* _GIVEN DATA_
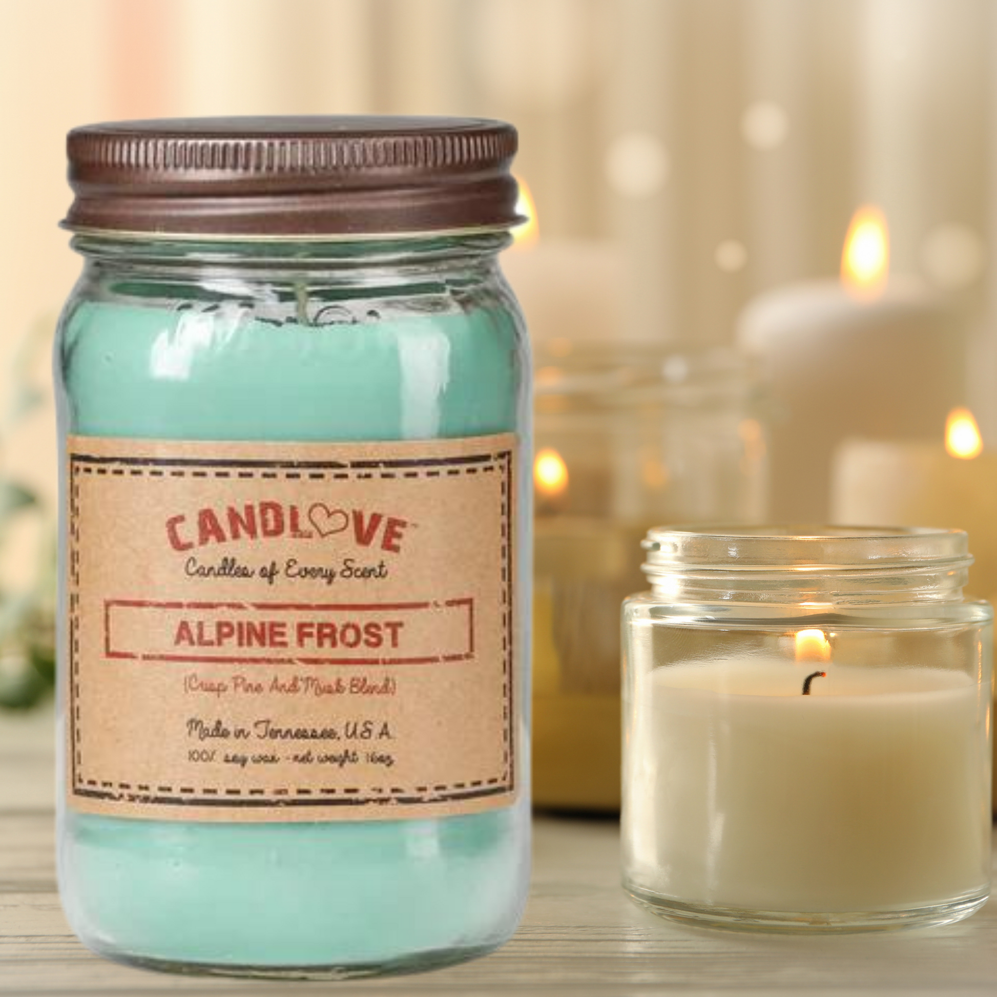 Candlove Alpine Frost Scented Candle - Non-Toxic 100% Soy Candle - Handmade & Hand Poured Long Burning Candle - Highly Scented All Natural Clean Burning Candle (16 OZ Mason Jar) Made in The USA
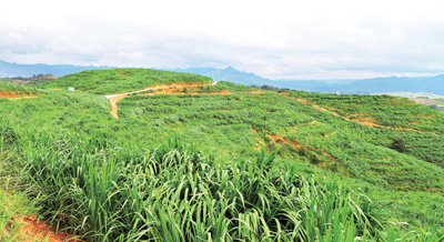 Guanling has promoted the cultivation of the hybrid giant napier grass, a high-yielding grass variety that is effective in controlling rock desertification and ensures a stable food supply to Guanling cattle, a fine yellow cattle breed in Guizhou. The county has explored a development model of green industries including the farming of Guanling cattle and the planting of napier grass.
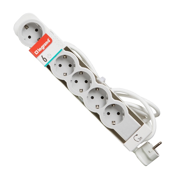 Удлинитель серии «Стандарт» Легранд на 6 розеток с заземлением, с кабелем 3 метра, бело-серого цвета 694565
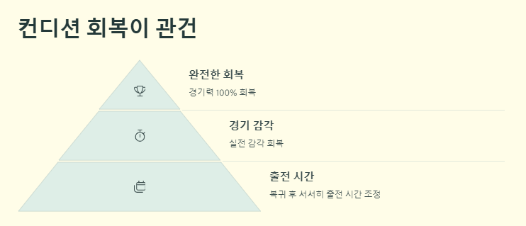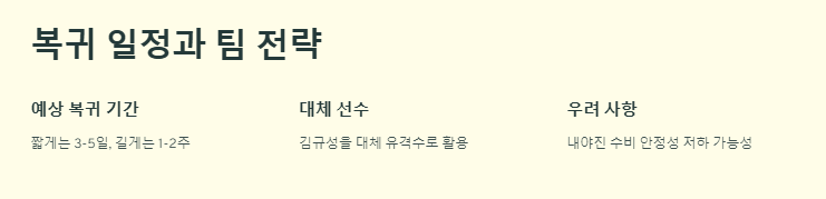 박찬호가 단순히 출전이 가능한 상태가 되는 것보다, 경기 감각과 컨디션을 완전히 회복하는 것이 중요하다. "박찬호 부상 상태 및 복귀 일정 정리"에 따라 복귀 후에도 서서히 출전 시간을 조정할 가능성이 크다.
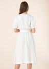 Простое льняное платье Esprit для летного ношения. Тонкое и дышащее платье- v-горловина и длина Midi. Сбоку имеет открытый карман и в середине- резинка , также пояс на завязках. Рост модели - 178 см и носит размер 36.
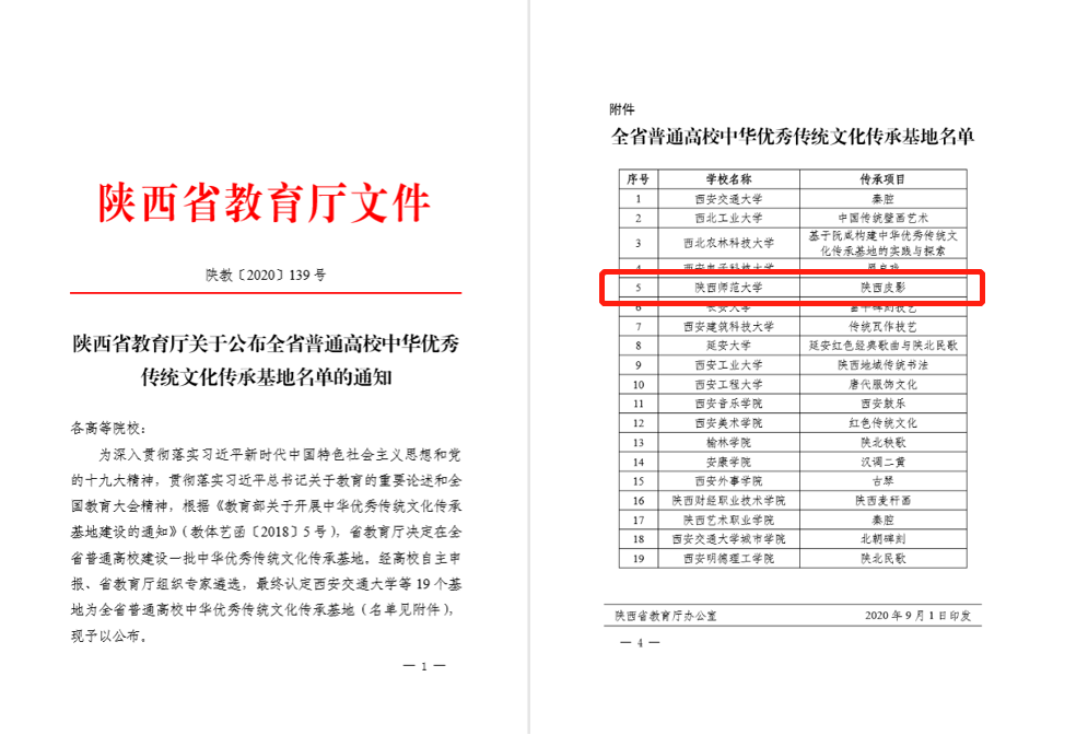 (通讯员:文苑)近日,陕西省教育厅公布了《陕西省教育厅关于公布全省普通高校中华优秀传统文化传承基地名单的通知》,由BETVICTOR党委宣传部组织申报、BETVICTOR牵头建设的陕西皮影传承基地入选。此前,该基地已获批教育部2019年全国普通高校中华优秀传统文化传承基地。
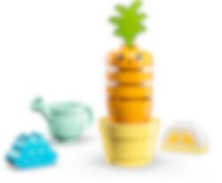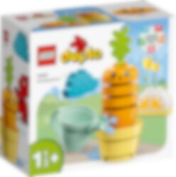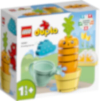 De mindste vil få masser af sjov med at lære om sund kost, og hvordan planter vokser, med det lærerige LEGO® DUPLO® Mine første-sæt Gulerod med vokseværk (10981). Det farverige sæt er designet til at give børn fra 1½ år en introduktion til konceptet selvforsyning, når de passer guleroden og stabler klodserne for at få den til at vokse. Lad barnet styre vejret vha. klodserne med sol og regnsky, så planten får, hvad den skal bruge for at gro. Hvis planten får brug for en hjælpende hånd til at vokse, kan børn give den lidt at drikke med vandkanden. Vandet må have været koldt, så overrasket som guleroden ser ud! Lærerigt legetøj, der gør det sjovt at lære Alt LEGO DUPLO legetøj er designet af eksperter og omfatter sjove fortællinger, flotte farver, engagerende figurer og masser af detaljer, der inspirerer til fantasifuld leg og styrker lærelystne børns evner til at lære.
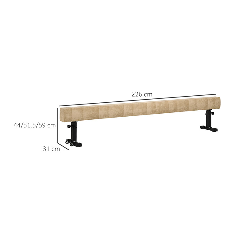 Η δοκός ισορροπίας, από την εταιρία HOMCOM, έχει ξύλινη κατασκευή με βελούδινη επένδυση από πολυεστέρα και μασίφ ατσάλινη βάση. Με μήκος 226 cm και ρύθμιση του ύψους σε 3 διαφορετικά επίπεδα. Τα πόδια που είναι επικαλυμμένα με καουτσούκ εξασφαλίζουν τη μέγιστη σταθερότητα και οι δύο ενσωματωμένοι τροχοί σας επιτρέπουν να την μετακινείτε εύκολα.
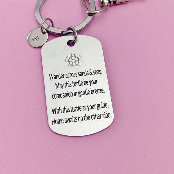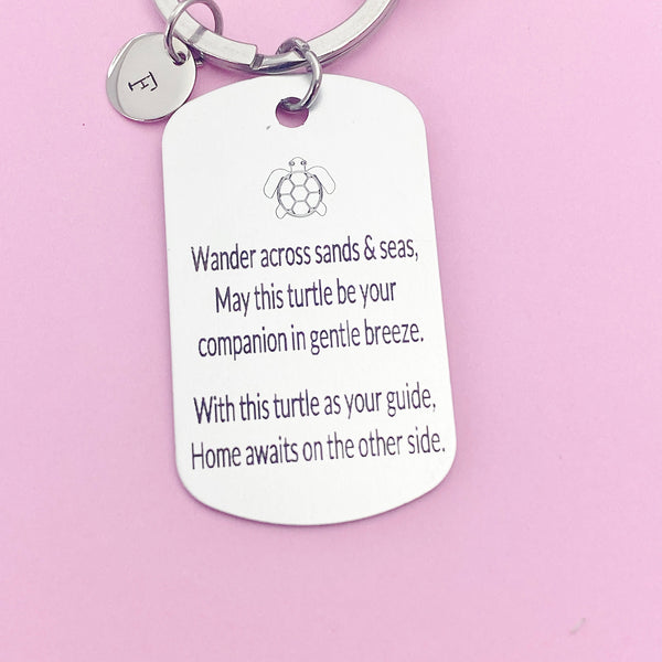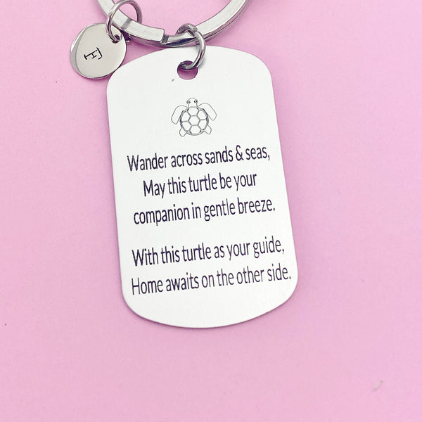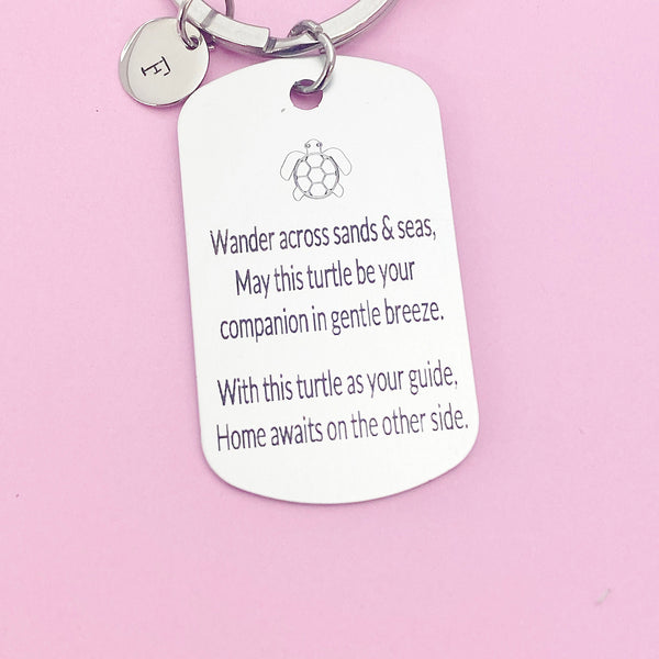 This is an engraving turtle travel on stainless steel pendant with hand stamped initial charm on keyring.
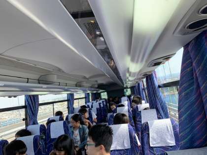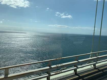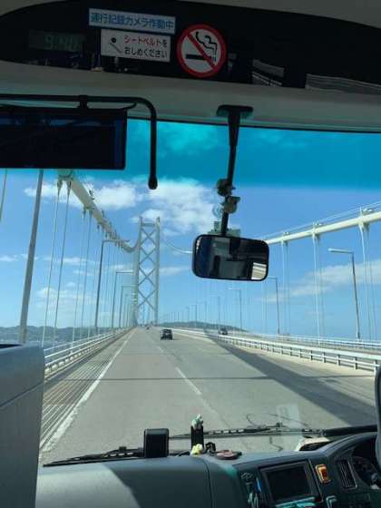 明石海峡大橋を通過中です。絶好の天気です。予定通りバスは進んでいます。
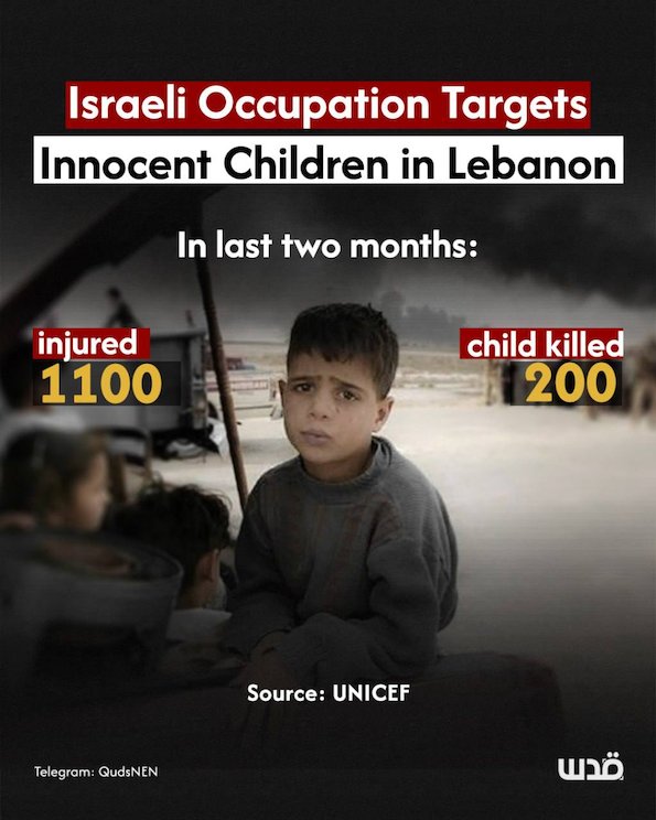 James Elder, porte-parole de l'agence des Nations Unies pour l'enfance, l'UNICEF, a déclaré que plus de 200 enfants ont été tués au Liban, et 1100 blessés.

* _PROBLEM REQUIREMENTS_
Your reply should consist solely of the lines above from the line containing "бело-серого цвета 694565" up to and including the line containing "(通讯员:文苑)近日,陕西省", reproduced exactly, minus the pictures.

* _RESPONSE TO THE EXERCISE_
 Удлинитель серии «Стандарт» Легранд на 6 розеток с заземлением, с кабелем 3 метра, бело-серого цвета 694565
 박찬호가 단순히 출전이 가능한 상태가 되는 것보다, 경기 감각과 컨디션을 완전히 회복하는 것이 중요하다. "박찬호 부상 상태 및 복귀 일정 정리"에 따라 복귀 후에도 서서히 출전 시간을 조정할 가능성이 크다.
 Простое льняное платье Esprit для летного ношения. Тонкое и дышащее платье- v-горловина и длина Midi. Сбоку имеет открытый карман и в середине- резинка , также пояс на завязках. Рост модели - 178 см и носит размер 36.
 (通讯员:文苑)近日,陕西省教育厅公布了《陕西省教育厅关于公布全省普通高校中华优秀传统文化传承基地名单的通知》,由BETVICTOR党委宣传部组织申报、BETVICTOR牵头建设的陕西皮影传承基地入选。此前,该基地已获批教育部2019年全国普通高校中华优秀传统文化传承基地。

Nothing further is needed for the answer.